In the matrix, the rows indicate the true labels, whereas the columns indicate the predicted labels. A good confusion matrix has large numbers in the main diagonal (TP and TN) and low numbers in the rest of the matrix (where the errors are).

The accuracy can be recovered from the confusion matrix as follows:

\[Accuracy = \frac{TP + TN}{TP + FN + FP + TN}\]

which consists in summing the numbers on the diagonal and dividing by the sum of all numbers. We can see the computation of the accuracy from the confusion matrix graphically as follows:

18.2.3.1. Example 1 – Spam Detector#

Let us consider a spam detector which correctly detects \(40\) out of \(50\) spam emails, while it only recognizes \(30\) out of \(50\) legitimate emails. The confusion matrix associated to this classifier will be as follows:

Its accuracy will be:

\[Accuracy = \frac{40 + 30}{40 + 10 + 20 + 30} = \frac{70}{100} = 0.7\]

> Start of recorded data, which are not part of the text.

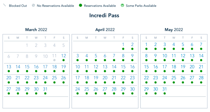 There are 4 different annual passes, each with different reservation availabilities, so let’s take a look! Incredi Pass Holders can make a reservation at any of the four parks every day this week…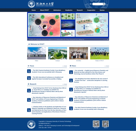 新版英文官网对旧版栏目进行了有效整合,以强化万象城办学理念和特色,力求信息简洁明快,设置导航栏、头条轮播、宣传展示和新闻资讯4个功能区域。导航栏包含About SYUCT(概况)、Admissions(招生)、Academics(学术)、Research(科研)、Cooperation(合作)和Services(服务)5个板块,下设16个二级栏目;头条轮播区实时更新并聚焦近期最具关注度的头条新闻,醒目呈现校园前沿动态与重大资讯;宣传展示区设有Video(宣传视频)、Campus(校园风光)、Activities(学生活动)和Study in SYUCT(学在化大)4个子栏目,多角度展示学校的精神风貌和文化气息;新闻资讯区设有Focus(头条)、Research(科研)和News(新闻)3个子栏目,全面展示学校在科学研究、学术交流、国际合作等方面的发展动态。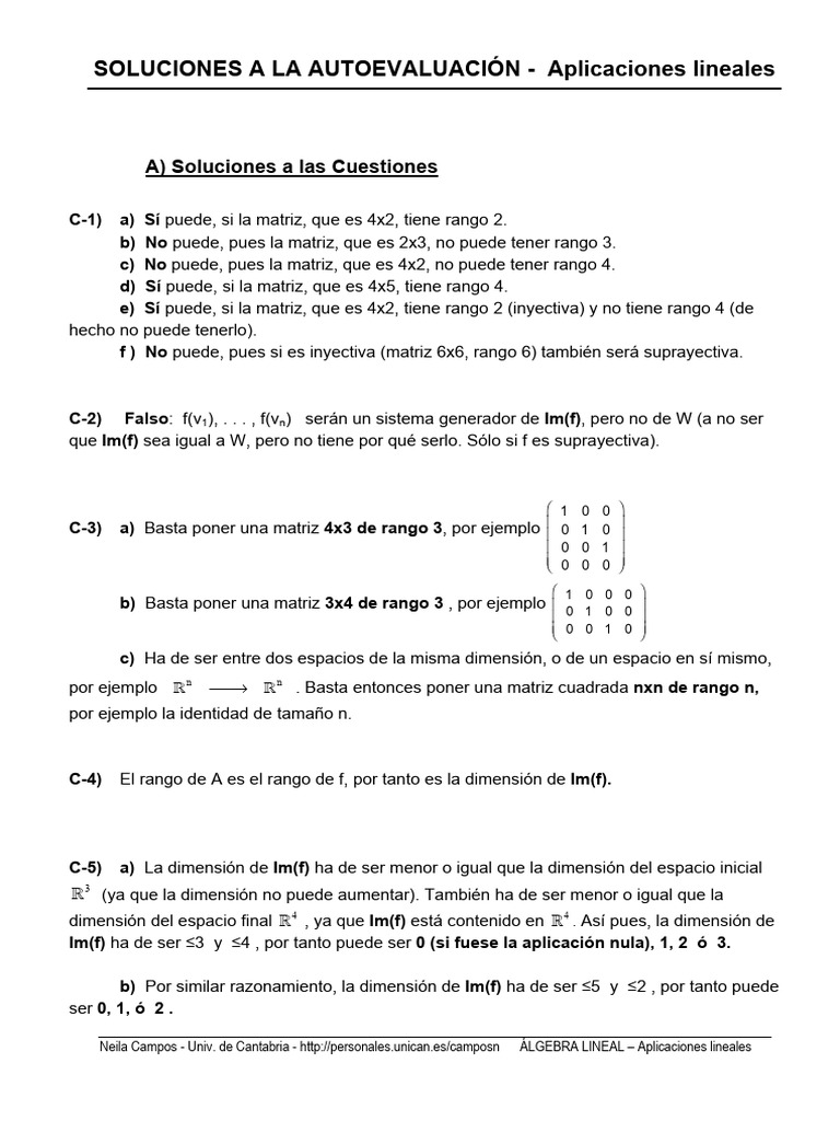 SOLUCIONES A LA AUTOEVALUACIÓN - Aplicaciones lineales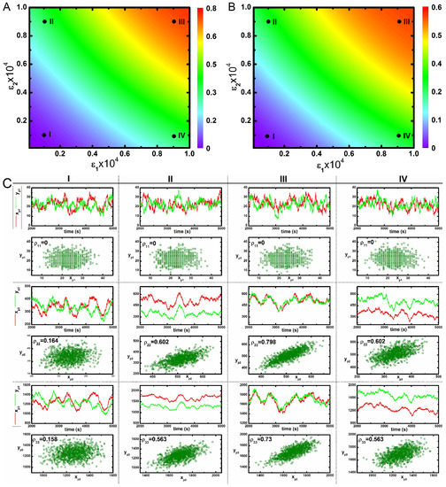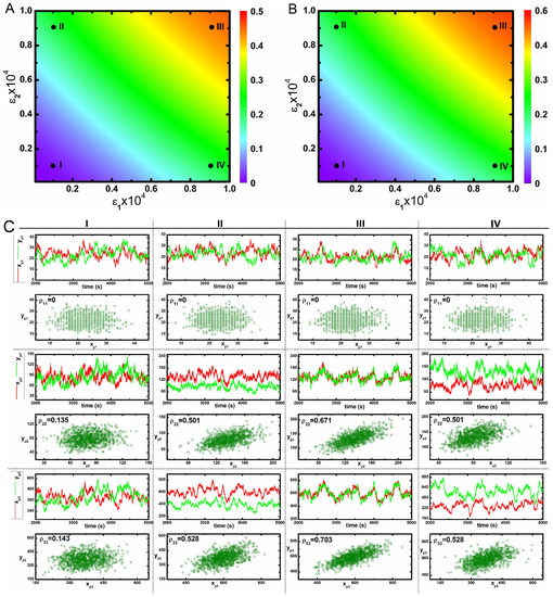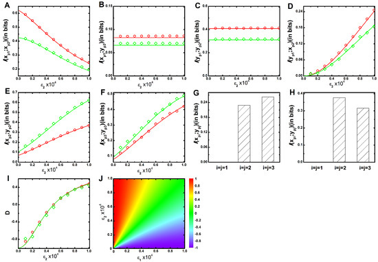 In the present work, all expressions of two variable mutual information are calculated using Equation (4). The analytical results are then validated by evaluating probability distribution functions (Equation (2)) using exact numerical simulation [43]. The two variable mutual information value is bounded within a scale . To quantify the association between two equivalent kinases, we have used Pearson’s correlation coefficient () [68]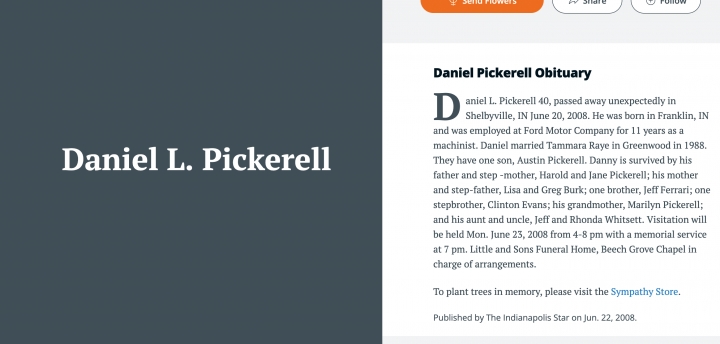 Daniel L. Pickerell 40, passed away unexpectedly in Shelbyville, IN June 20, 2008. He was born in Franklin, IN and was employed at Ford Motor Company for 11 years as a machinist. Daniel married Tammara Raye in Greenwood in 1988. They have one son, Austin Pickerell. Danny is survived by his father and step -mother, Harold and Jane Pickerell; his mother and step-father, Lisa and Greg Burk; one brother, Jeff Ferrari; one stepbrother, Clinton Evans; his grandmother, Marilyn Pickerell; and his aunt and uncle, Jeff and Rhonda Whitsett. Visitation will be held Mon. June 23, 2008 from 4-8 pm with a memorial service at 7 pm. Little and Sons Funeral Home, Beech Grove Chapel in charge of arrangements.

18.2.3.2. Example 2 – Imbalanced Dataset#

Let us now consider the example of our imbalanced dataset with \(9500\) data points of class 1 and \(500\) data points of class 0. The confusion matrix of the naïve classifier \(f\left( \mathbf{x} \right) = 1\) will be:

If we compute the accuracy of this classifier, we will obtain a good performance:

\[Accuracy = \frac{9500}{9500 + 500} = 0.95\]

However, looking at the confusion matrix, it is clear that something is wrong, and our classifier is not working well.

18.2.4. Precision and Recall#

The confusion matrix allows to understand if there is an issue with the classifier in the case of imbalanced data. However, it is still convenient to have scalar measures which can tell us something about how the classifier is doing. In practice, it is common to define two complementary measures: precision and recall.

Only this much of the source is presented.